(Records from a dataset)
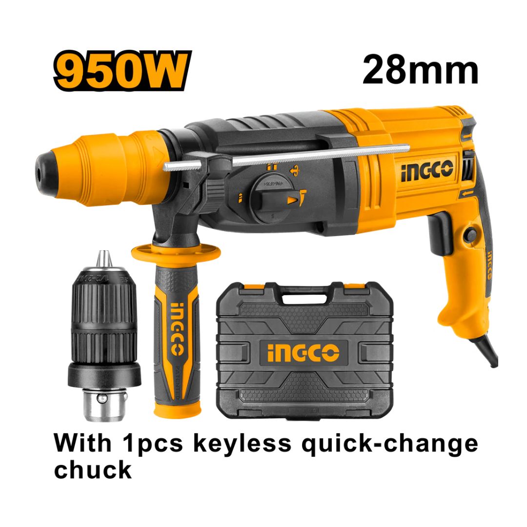 Marteau perforateur 28mm 950W+mandrin sans clé INGCO
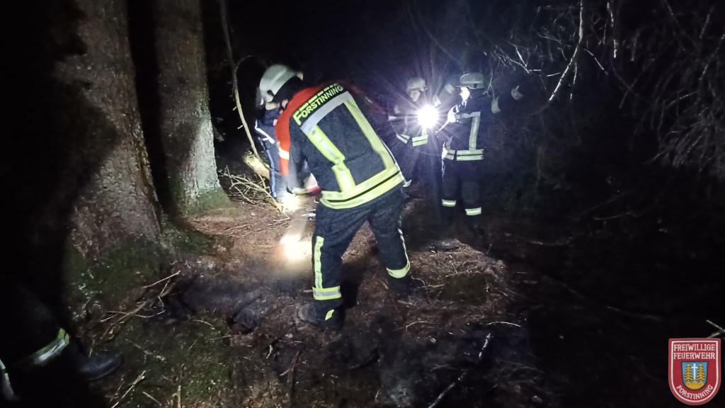 Am Sonntag, den 03.10.2022, um 19:06 Uhr, wurde die Feuerwehr Forstinning zu einem Kleinbrand im Freien alarmiert. Im Waldgebiet des Ebersberger Forstes im Ortsteil Schwaberwegen wurde durch aufmerksame Anwohner eine leichte Rauchentwicklung entdeckt. Eine herbeigerufene Streife der Polizei konnte dann eine kleine, noch qualmende und glühende, Fläche am Boden feststellen, die scheinbar durch einen vorhergehenden Brand entstand. Wir wurden anschließend alarmiert, um ein mögliches Ausbreiten zu verhindern, und konnte das betroffene Gebiet ablöschen. Der Grund für diese Hitzeentwicklung ist bisher noch unklar, die Polizei bittet deshalb um Hinweise.
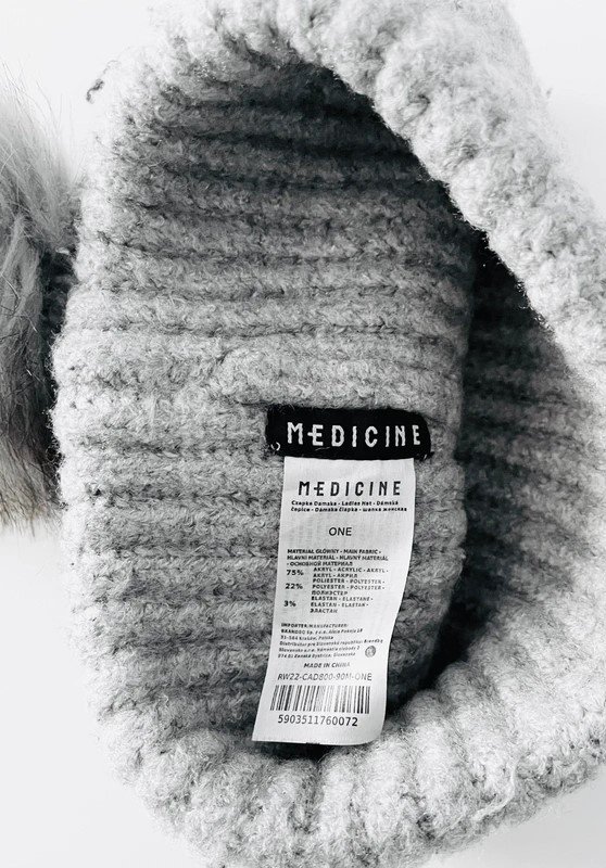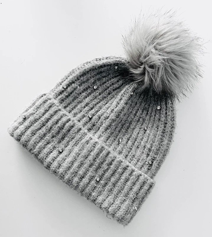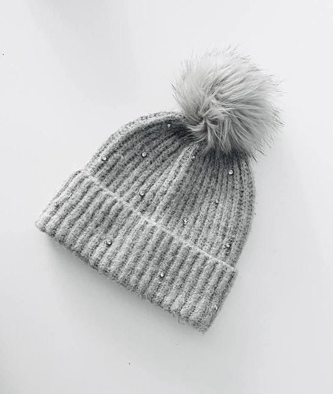 Zimowa czapka w szarym kolorze z pomponem i kryształkami
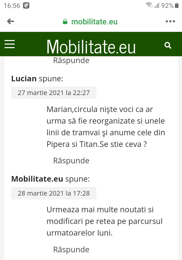 Lucian scrie:Circula voci cum ca liniile de tramvai din Pipera si Titan ar urma să fie reorganizate.Mai multe nu stiu deocamdată
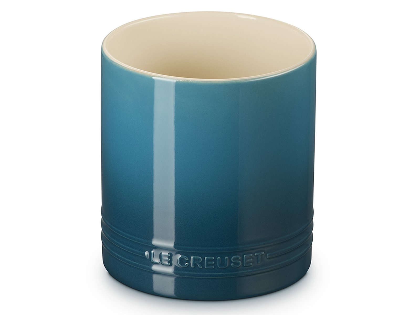 Como parte de la serie Signature de Le Creuset, la jarra de utensilios presenta el diseño característico de los tres anillos, que se ha convertido en un símbolo de la marca. El color teal profundo añade un elemento de color elegante a la cocina y se puede combinar con otros productos de Le Creuset para lograr una expresión coherente. La calidad de la cerámica asegura que la jarra mantenga su aspecto atractivo año tras año.
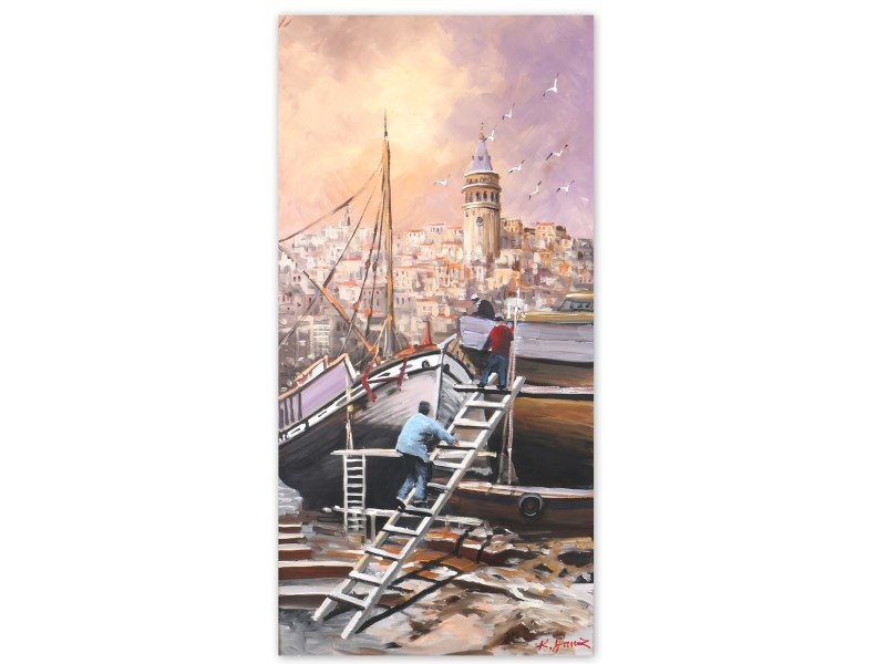 TERSANE. TUAL ÜZERİ YAĞLIBOYA. İMZALI. 120X60 CM.
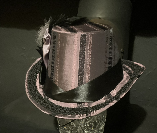 buckram based hat covered with aubergine and black fabric lavished with contrasting trim
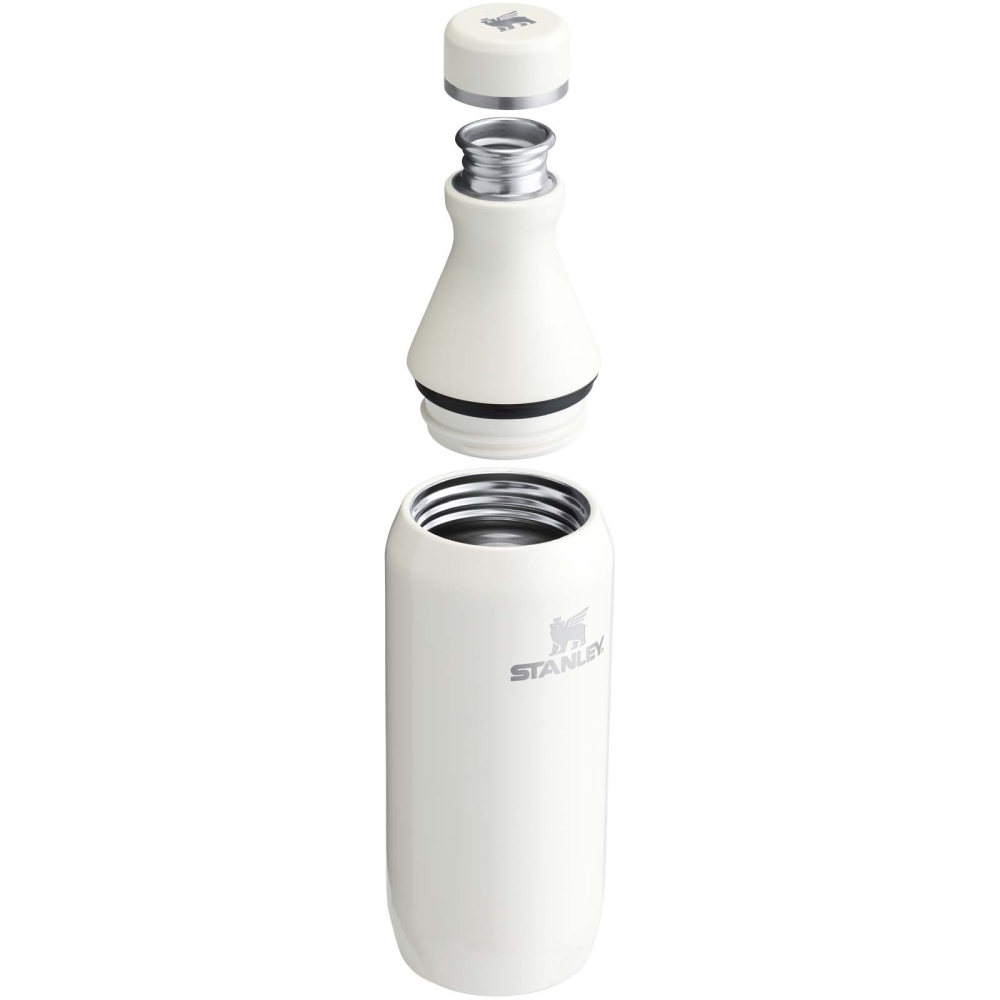 Láhev na vodu o objemu 350 ml je navržena pro celodenní hydrataci, kombinuje pohodlí a výkon. Vyrobena z 90 % z recyklované nerezové oceli. Má dvoudílné víčko – jedno pro snadné popíjení a druhé pro přidání ledu a bezproblémové čištění. Hrdlo je vyrobeno z jednostěnné nerezové oceli s plastovou přírubou se závitem a bezpečnostním tlakovým těsněním, aby se zabránilo úniku tekutin. Tělo má dvojitou vakuovou izolaci, která zajišťuje, že nápoje zůstanou v dokonalé teplotě po celé hodiny. Odolná a promyšleně navržená, tato láhev je ideální pro osvěžení, ať vás den zavede kamkoli. Rozměry: 6,55 x 21,9 x 6,55 cm
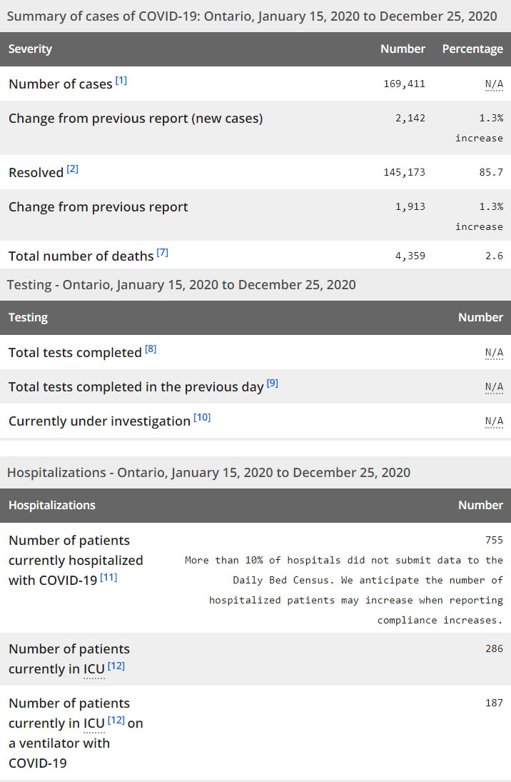 再看看安省方面的详细数据,截止12月25日,安省没有更新新冠病毒检测数据。确诊总数169,411(两天新增4301,昨天新增2142),包括145,173例康复(康复率上升至85.7%)、4359例死亡(两天增加81例,死亡率仍为2.6%)。住院患者755例(减少212,部分数据没有更新);进入ICU患者286例(增加9);IU插呼吸机患者187例(增加11)。
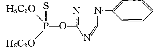 | 释义 | 三唑硫磷triazophos有机磷广谱杀虫剂。化学名称:O,O-二乙基-O-(1-苯基-1,2,4-三唑-3-基)硫逐磷酸酯。化学结构式如下。纯品为淡棕黄色液体,熔点0~5℃,30℃时蒸气压386.6 × 10-6 Pa。20℃时溶于水35±5mg/kg,溶于正己烷0.9%,甲苯和乙醇>38%,丙酮>100%。在中性介质中稳定。对害虫具有强触杀和胃毒作用,并有一定的杀线虫作用。无内吸作用,但能渗透植物组织。可用于棉花、水稻、蔬菜、玉米、大豆、烟草、果树等作物上的刺吸口器、咀嚼口器害虫及钻蛀性害虫。对人、畜有中等毒性,大鼠急性口服LD50为82 mg/kg,急性经皮LD50为1100 mg/kg。对鱼有毒,LC50(96h)为5.6 mg/L。
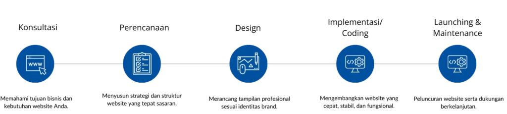 Untuk memastikan website yang dibuat sesuai dengan kebutuhan bisnis, proses pengerjaan dilakukan melalui beberapa tahapan yang terstruktur dan transparan.
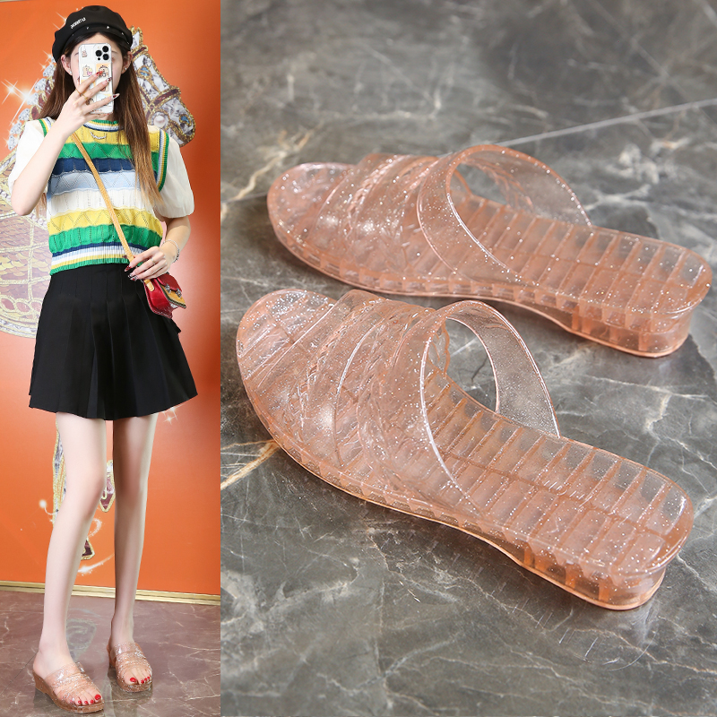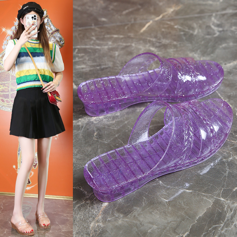 2025年新款水晶拖鞋女透明夏季天坡跟简约家居室内怀旧经典防臭
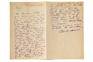 Claude MONET (2 pièces), SAINTE-BEUVE (2 pièces), Jacques-Bénigne BOSSUET (1 pièces), Jean COCTEAU La machine à écrire nrf, Michel BUTOR et Annne WALKER Le soin sur la plage à Hendaye 2/8 (1 pièce).
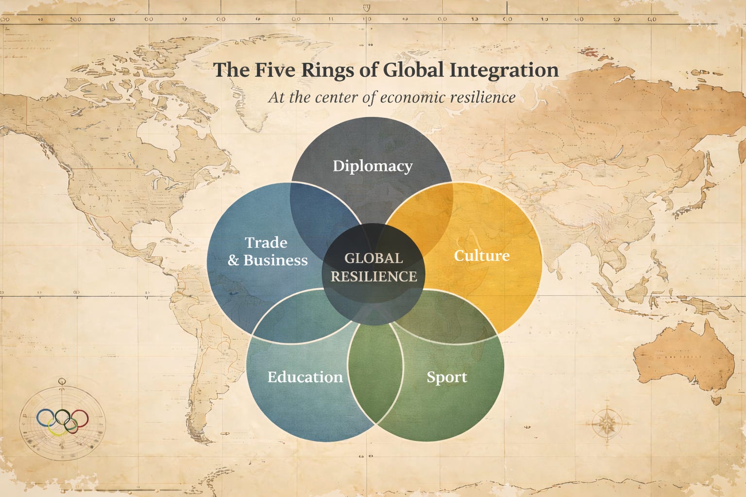 In economic terms, the spirit of the Olympic rings parallels how countries build trust and minimize transactional frictions to expand the global opportunity set.
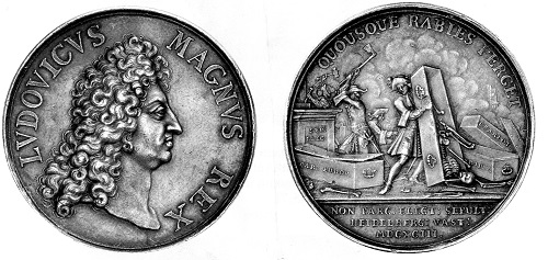 Das Heidelberger Schloss als Bollwerk der Pfälzer Dynastie wurde bis auf Mauerreste zerstört, außerdem haben die Franzosen alle Städte und Dörfer in der Rheinebene weitgehend dem Erdboden gleichgemacht. Heidelberg wurde 1688 und 1693 von französischen Truppen eingenommen und dabei komplett verwüstet. Die Soldaten plünderten, was ihnen in die Hände fiel, und sie scheute sich auch nicht davor, die Särge in der kurfürstlichen Gruft aufzubrechen und nach kostbaren Grabbeigaben zu durchwühlen. Die grausige Szene wird auf einer Medaille von 1693 mit dem Kopf von Ludwig XIV. geschildert. Eine andere Medaille zeigt unter dem Motto "Denck Deutschland an den Friedensbruch", wie sich französische Truppen über die Festung Philippsburg sowie Heidelberg und Koblenz hermachen und sich an der Bevölkerung vergehen. Weitere Medaillen dokumentieren die Beschießung und Einnahme von verschiedenen Städten wie Mainz und Bonn. Nicht immer haben sich die Bewohner verteidigt, manche Städte ergaben sich aus Angst vor Repressalien freiwillig. Allerdings wurde ihre Hoffnung auf Schonung und Milde häufig enttäuscht, denn es gehörte zur Kriegführung auf allen Seiten, den Gegner auszurauben und nur verbrannte Erde zu hinterlassen.
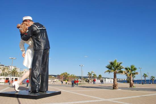 תמונה שצילם Alfred Eisenstaedt בכיכר טיימס בניו יורק. מלח בחיל הים האמריקאי שנישק נערה זרה בשמלה לבנה ביום הניצחון על יפן במלחמת העולם השנייה (V-J Day) ב14 אוגוסט 1945. הצילום פורסם שבוע לאחר מכן במגזין Life בגיליון מיוחד ל"חגיגות הניצחון" . הצילום הספונטני דקות אחרי הנאום של הנשיא טרומן שבישר על התבוסה היפנית. היות והצילום היה מהיר- אנונימי לחלוטין ,הצלם לא הספיק לקבל את הפרטים של המצולמים . לאורך השנים היו ניסיונות זיהוי של המלח והנערה (כנראה אחות) והיגדים על העדר רומנטיקה וסממנים של תקיפה וניצול מיני. המנושקת נפטרה לפני מספר שנים בגיל 92.
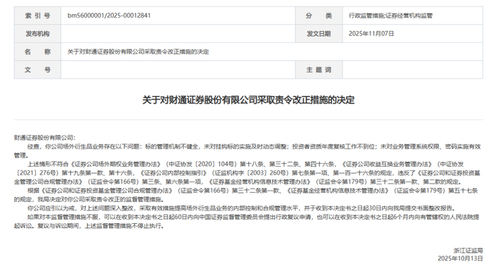 2025年9月,财通证券再次收到浙江证监局开出的警示函,被指出境外子公司风控缺失、提名的境外子公司部分董事任职资格不合规等问题。
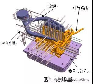 1. 實驗及模擬仿真 1.1產品模型及模擬條件 1.1.1 產品模型 如圖4所示,此次試驗以長城汽車某缸體為案例。缸體為汽車發動機結構承載部件,尤其缺陷位置需封密缸內高壓氣體與缸套冷卻水,要求具有較高的致密度。
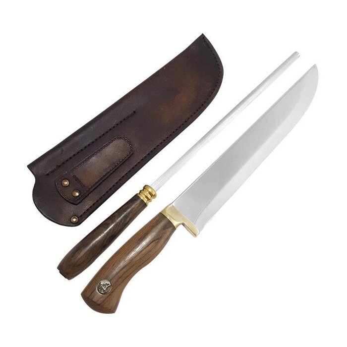 Conjunto modelo churrasco cabo padronizado, produzido em 9 polegadas aço inox tendo a espessura de 3 mm. Acompanha faca, chaira e bainha em couro.
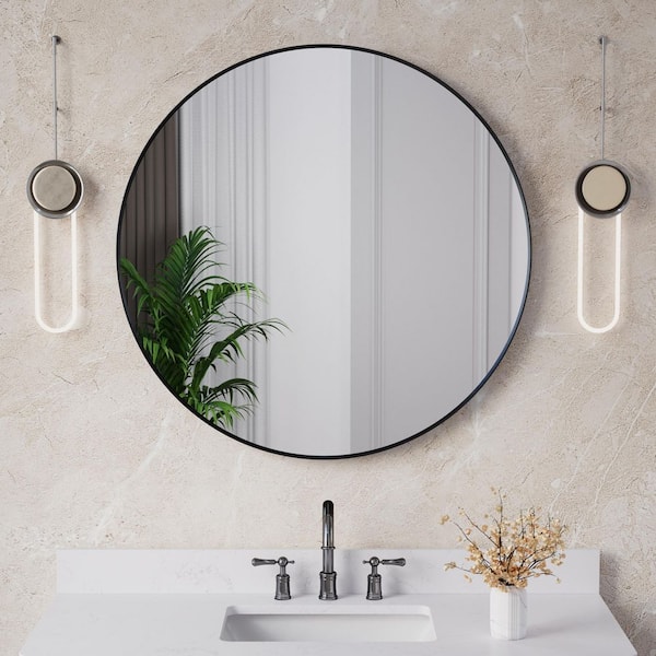 36 in. W x 36 in. H Round Aluminum Framed Wall Bathroom Vanity Mirror in Black

> _WORK TASK_: Nothing but the lines from the one with "Untuk memastikan website" up to and including the one with "2025年新款水晶拖鞋女透明夏季天坡跟简约家居室内怀旧经典防臭" should be printed, exactly as they read above. Please keep the pictures out.

> _ANSWER SECTION_:
 Untuk memastikan website yang dibuat sesuai dengan kebutuhan bisnis, proses pengerjaan dilakukan melalui beberapa tahapan yang terstruktur dan transparan.
 2025年新款水晶拖鞋女透明夏季天坡跟简约家居室内怀旧经典防臭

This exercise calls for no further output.